Improved resolution would also eliminate the distinction between micro and mesopores, which is only an artifact of metrological limitations, or might reduce the fraction of unseen porosity sufficiently to make it negligible. A complete vision of the pore size spectrum would be helpful if the continuous size distribution observed in Appendix A.1 were to be used instead of the current trimodal schematization in micro, meso and macropores. Such an extension of the model would be conceptually gratifying, but it is not certain that it would significantly modify the conductivity predictions. The trimodal model seems to be a smooth enough approximation, since no discontinuity nor change in slope is visible in Figure 13 at the transitions between the developments of micro and mesoporosity (${\alpha }_{1\mu }$ and ${\alpha }_{2\mu }$) or between the developments of meso and macroporosity (${\alpha }_{1m}$ and ${\alpha }_{2m}$). The only accidents are due to physical events (completion of the intumescence or percolation transitions). The same applies for other simplifying features of the model, such as the strict alignment of the anisotropic macropores. Ellipsoids with orientations slightly wobbling around a preferential direction can be accounted for straightforwardly by the DEM scheme, but it would result only in a second-order correction to (17). Thus, the priority in future studies should be less so the refinement of technical details than the validation and possibly improvement of the modeling concepts.
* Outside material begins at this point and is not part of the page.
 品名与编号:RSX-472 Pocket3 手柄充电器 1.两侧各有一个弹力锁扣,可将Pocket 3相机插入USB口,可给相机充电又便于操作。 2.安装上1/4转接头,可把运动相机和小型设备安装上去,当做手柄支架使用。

It should be noted that beyond their application in the present work, the methodology and conceptual tools implemented here can be of interest by themselves for the treatment of other materials and in other contexts. This applies to the global modeling approach, and to some technical aspects which are involved. In particular, the method for the characterization of the gaseous inclusions shape (Appendix A) is original. The tensorial distance (Appendix B) used to assess the quality of the conductivity predictions is also a new contribution, mentioned in the literature only in the recent related works [26,40].
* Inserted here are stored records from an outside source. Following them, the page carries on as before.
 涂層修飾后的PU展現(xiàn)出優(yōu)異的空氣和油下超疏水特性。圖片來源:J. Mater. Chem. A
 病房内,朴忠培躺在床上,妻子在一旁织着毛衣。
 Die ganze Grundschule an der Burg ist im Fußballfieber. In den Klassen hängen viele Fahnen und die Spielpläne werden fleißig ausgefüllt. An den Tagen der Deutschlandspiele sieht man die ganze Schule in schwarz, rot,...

Finally, radiative exchanges, which have here a minor but not entirely negligible contribution to heat transfers, are an obvious subject for future work. The other most common cable sheath material is PVC. It is also intumescent, and therefore it also gives rise to gaseous inclusions in the polymer matrix. However, much larger cavities develop, and as a result, radiative heat transfers (unaccounted for in the present work) play a dominant role, as shown in the preliminary study [37]. Just like conduction, they could be addressed by direct simulations in the tomographic images of the samples, or by a more theoretical approach in the object-based conceptual model of the geometry. Therefore, both the geometric modeling and the accounting for radiative transfers call for additional developments.